**Exercise details**
Exactly as written, output each of the lines below, with no images.

======== Given material

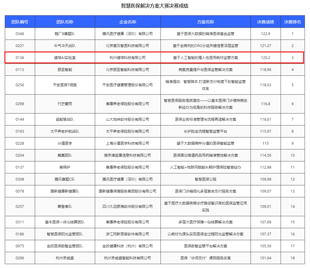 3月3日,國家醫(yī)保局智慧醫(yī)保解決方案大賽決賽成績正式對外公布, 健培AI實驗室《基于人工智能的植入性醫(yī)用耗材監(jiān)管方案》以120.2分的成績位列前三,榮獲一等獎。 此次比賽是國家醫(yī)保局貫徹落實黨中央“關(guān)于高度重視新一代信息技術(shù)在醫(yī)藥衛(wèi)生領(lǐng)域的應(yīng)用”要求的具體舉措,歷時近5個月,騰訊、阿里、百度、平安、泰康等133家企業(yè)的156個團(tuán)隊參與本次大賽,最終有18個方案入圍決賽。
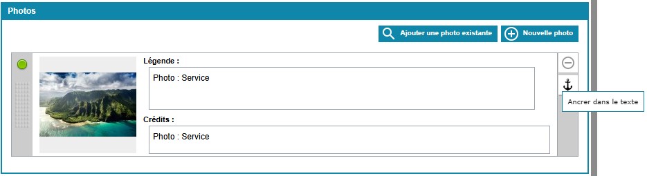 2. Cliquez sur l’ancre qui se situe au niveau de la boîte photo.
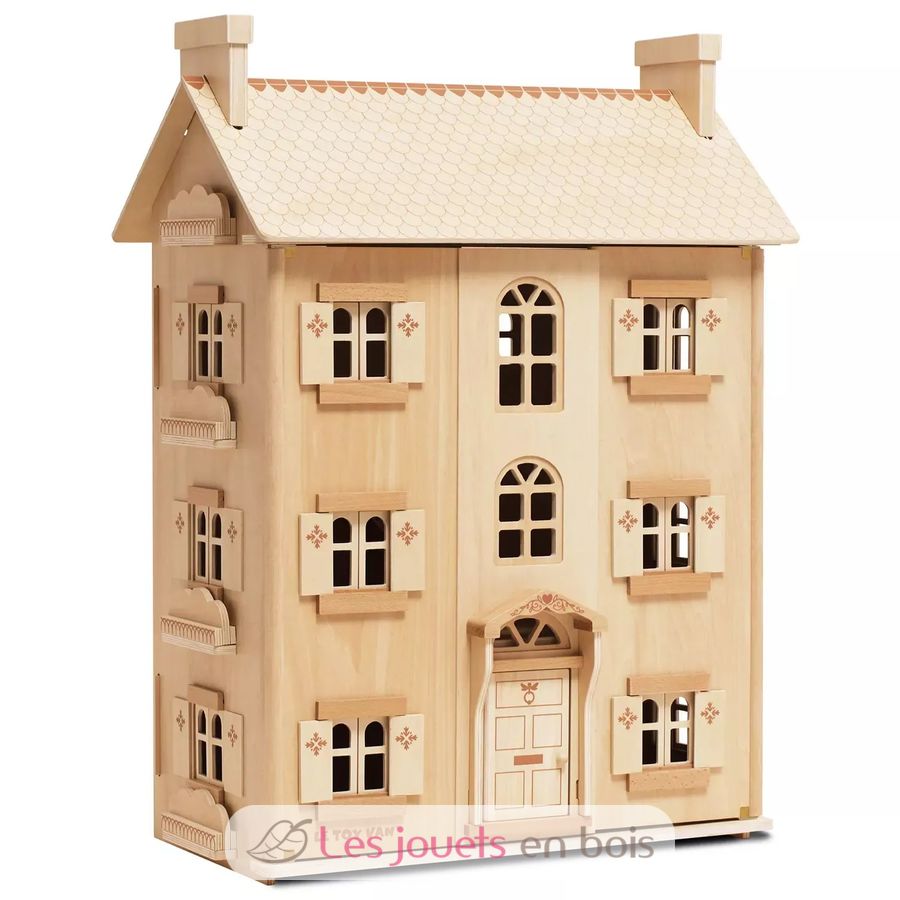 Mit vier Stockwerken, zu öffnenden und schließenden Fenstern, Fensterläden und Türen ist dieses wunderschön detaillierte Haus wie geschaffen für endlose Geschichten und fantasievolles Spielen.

================

**Your solution**
 3月3日,國家醫(yī)保局智慧醫(yī)保解決方案大賽決賽成績正式對外公布, 健培AI實驗室《基于人工智能的植入性醫(yī)用耗材監(jiān)管方案》以120.2分的成績位列前三,榮獲一等獎。 此次比賽是國家醫(yī)保局貫徹落實黨中央“關(guān)于高度重視新一代信息技術(shù)在醫(yī)藥衛(wèi)生領(lǐng)域的應(yīng)用”要求的具體舉措,歷時近5個月,騰訊、阿里、百度、平安、泰康等133家企業(yè)的156個團(tuán)隊參與本次大賽,最終有18個方案入圍決賽。
 2. Cliquez sur l’ancre qui se situe au niveau de la boîte photo.
 Mit vier Stockwerken, zu öffnenden und schließenden Fenstern, Fensterläden und Türen ist dieses wunderschön detaillierte Haus wie geschaffen für endlose Geschichten und fantasievolles Spielen.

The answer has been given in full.